▸ Exercise details: Before printing the listing, strip out its pictures and keep everything else exact.

══ Collected data

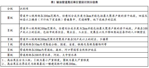 管段劃分以后,可按表1對每一管段內(nèi)的高后果情況進行分級識別,分級識別可以使設(shè)計人員進行路由優(yōu)化時更加明白哪些位置是優(yōu)化的重點地段,進而使設(shè)計優(yōu)化更加清晰。
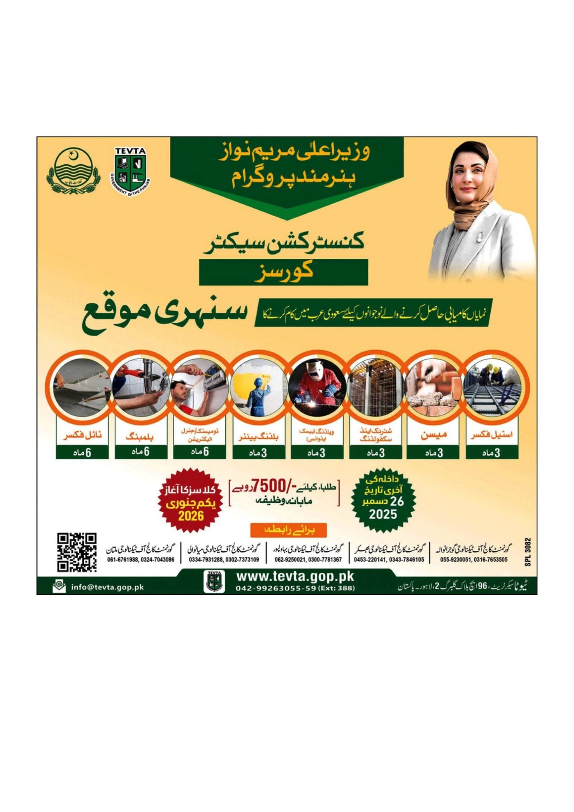 TEVTA Free Courses December 2025 CM Punjab Hunarmand Program Construction Sector
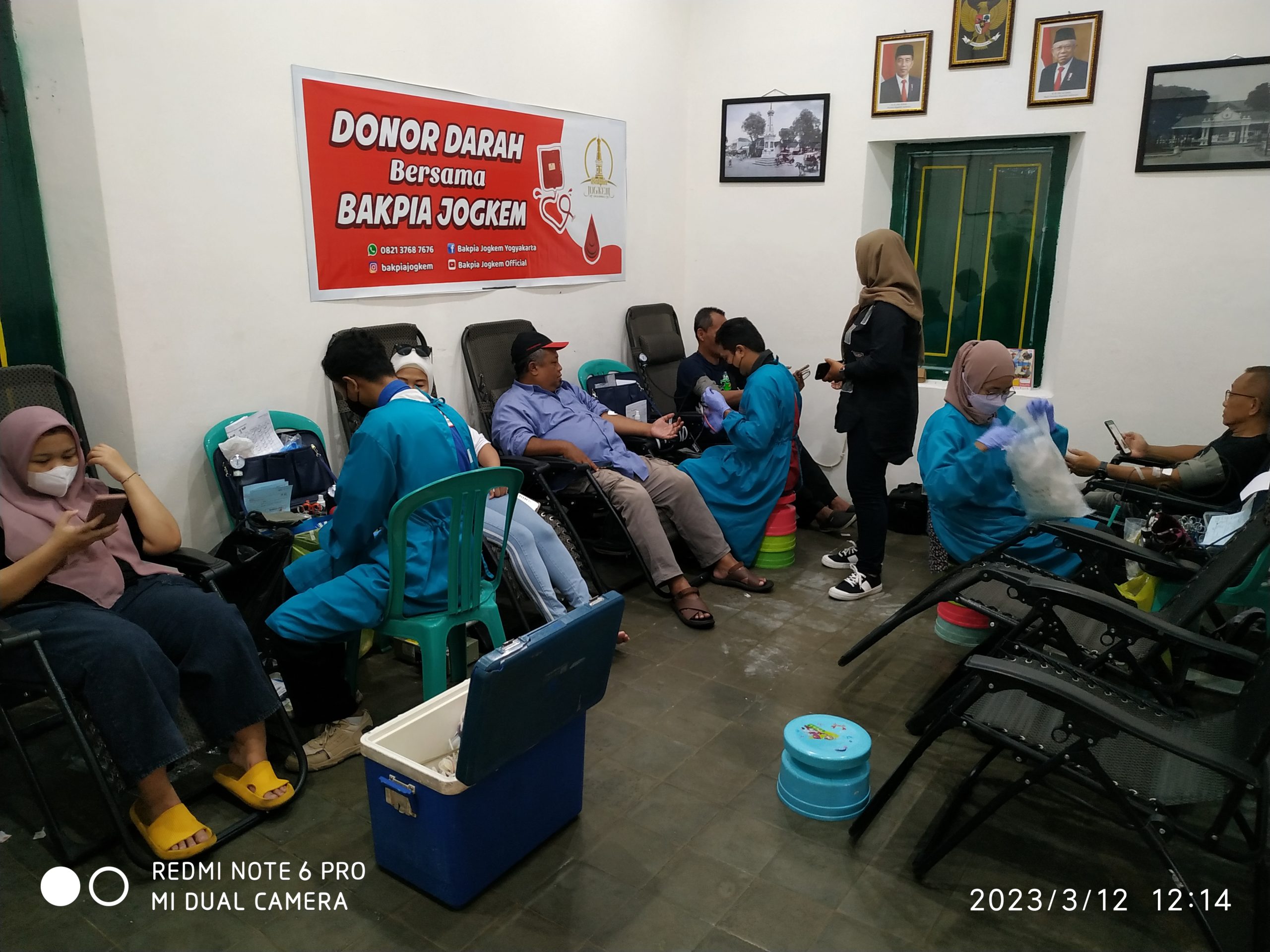 SUNMARINDO.COM (Yogyakarta) – Kolaborasi Bakpia Jogkem dan Joxin Lawas Gelar Donor Darah. Kerja bareng antara Bakpia Jogkem dan Komunitas Joxin Lawas menggelar kegiatan sosial kemanusiaan berupa donor darah di Bakpia Jogkem Langenastran Lor, Panembahan, Kapanewon Kraton, Minggu (12/3/2023) berlangsung semarak. Kegiatan yang diinisiasi Direktur Utama Jogkem Grub Ariyanto, S.E.,M.Par, bersama Erwin dari komunitas Joxin Lawas, sudah berjalan kali kedua dalam kegiatan kali ini menargetkan 75 orang pendaftar donor darah dan 37 orang berhasil mendonorkan darahnya.

════

▸ Exercise solution:
 管段劃分以后,可按表1對每一管段內(nèi)的高后果情況進行分級識別,分級識別可以使設(shè)計人員進行路由優(yōu)化時更加明白哪些位置是優(yōu)化的重點地段,進而使設(shè)計優(yōu)化更加清晰。
 TEVTA Free Courses December 2025 CM Punjab Hunarmand Program Construction Sector
 SUNMARINDO.COM (Yogyakarta) – Kolaborasi Bakpia Jogkem dan Joxin Lawas Gelar Donor Darah. Kerja bareng antara Bakpia Jogkem dan Komunitas Joxin Lawas menggelar kegiatan sosial kemanusiaan berupa donor darah di Bakpia Jogkem Langenastran Lor, Panembahan, Kapanewon Kraton, Minggu (12/3/2023) berlangsung semarak. Kegiatan yang diinisiasi Direktur Utama Jogkem Grub Ariyanto, S.E.,M.Par, bersama Erwin dari komunitas Joxin Lawas, sudah berjalan kali kedua dalam kegiatan kali ini menargetkan 75 orang pendaftar donor darah dan 37 orang berhasil mendonorkan darahnya.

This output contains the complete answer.